> [GIVEN DATA]
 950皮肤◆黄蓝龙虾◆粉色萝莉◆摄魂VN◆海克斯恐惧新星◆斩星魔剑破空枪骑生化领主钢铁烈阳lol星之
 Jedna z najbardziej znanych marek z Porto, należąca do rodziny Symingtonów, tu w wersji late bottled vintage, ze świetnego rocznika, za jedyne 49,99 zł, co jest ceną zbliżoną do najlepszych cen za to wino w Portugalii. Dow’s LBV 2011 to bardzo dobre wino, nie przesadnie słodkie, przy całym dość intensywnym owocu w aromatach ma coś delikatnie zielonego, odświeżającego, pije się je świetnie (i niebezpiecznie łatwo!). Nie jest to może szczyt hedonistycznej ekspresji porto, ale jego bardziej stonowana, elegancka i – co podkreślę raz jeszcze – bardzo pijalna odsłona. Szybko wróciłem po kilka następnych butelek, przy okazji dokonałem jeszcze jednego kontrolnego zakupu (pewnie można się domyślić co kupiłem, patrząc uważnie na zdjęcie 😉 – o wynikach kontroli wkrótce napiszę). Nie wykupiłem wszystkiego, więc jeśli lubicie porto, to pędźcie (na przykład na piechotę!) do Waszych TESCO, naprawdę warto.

--

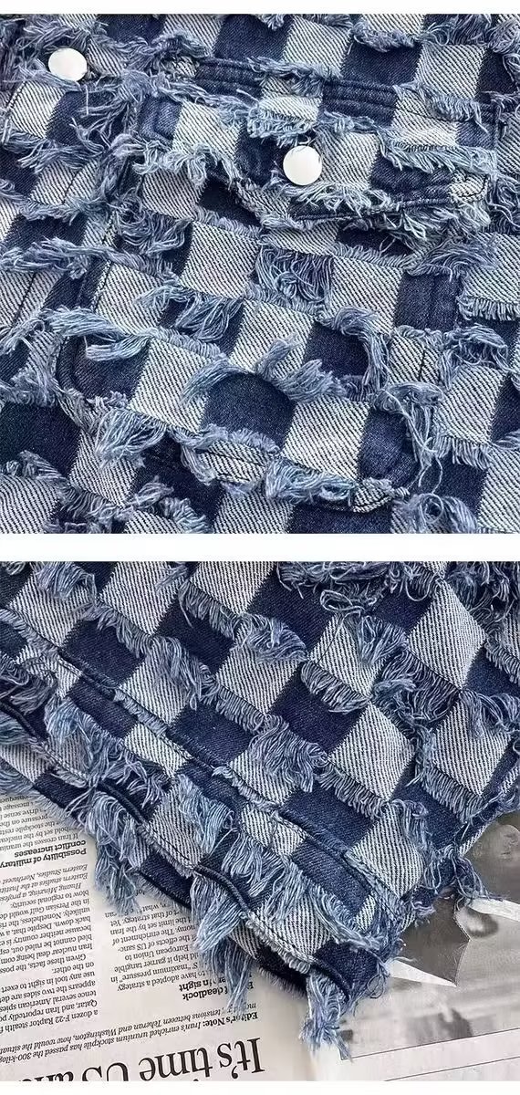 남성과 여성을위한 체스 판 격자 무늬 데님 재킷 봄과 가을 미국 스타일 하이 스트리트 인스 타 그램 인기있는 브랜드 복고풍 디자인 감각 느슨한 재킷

==

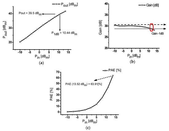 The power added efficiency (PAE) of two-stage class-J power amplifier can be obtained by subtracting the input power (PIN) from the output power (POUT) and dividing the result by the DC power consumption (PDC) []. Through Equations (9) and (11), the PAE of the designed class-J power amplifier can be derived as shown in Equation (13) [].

> [WHAT IS EXPECTED] Print the lines above from the one with "950皮肤◆黄蓝龙虾◆粉色萝" through the one with "Jedna z najbardziej", both included, exactly as written and nothing more.

> [TASK RESPONSE]
 950皮肤◆黄蓝龙虾◆粉色萝莉◆摄魂VN◆海克斯恐惧新星◆斩星魔剑破空枪骑生化领主钢铁烈阳lol星之
 Jedna z najbardziej znanych marek z Porto, należąca do rodziny Symingtonów, tu w wersji late bottled vintage, ze świetnego rocznika, za jedyne 49,99 zł, co jest ceną zbliżoną do najlepszych cen za to wino w Portugalii. Dow’s LBV 2011 to bardzo dobre wino, nie przesadnie słodkie, przy całym dość intensywnym owocu w aromatach ma coś delikatnie zielonego, odświeżającego, pije się je świetnie (i niebezpiecznie łatwo!). Nie jest to może szczyt hedonistycznej ekspresji porto, ale jego bardziej stonowana, elegancka i – co podkreślę raz jeszcze – bardzo pijalna odsłona. Szybko wróciłem po kilka następnych butelek, przy okazji dokonałem jeszcze jednego kontrolnego zakupu (pewnie można się domyślić co kupiłem, patrząc uważnie na zdjęcie 😉 – o wynikach kontroli wkrótce napiszę). Nie wykupiłem wszystkiego, więc jeśli lubicie porto, to pędźcie (na przykład na piechotę!) do Waszych TESCO, naprawdę warto.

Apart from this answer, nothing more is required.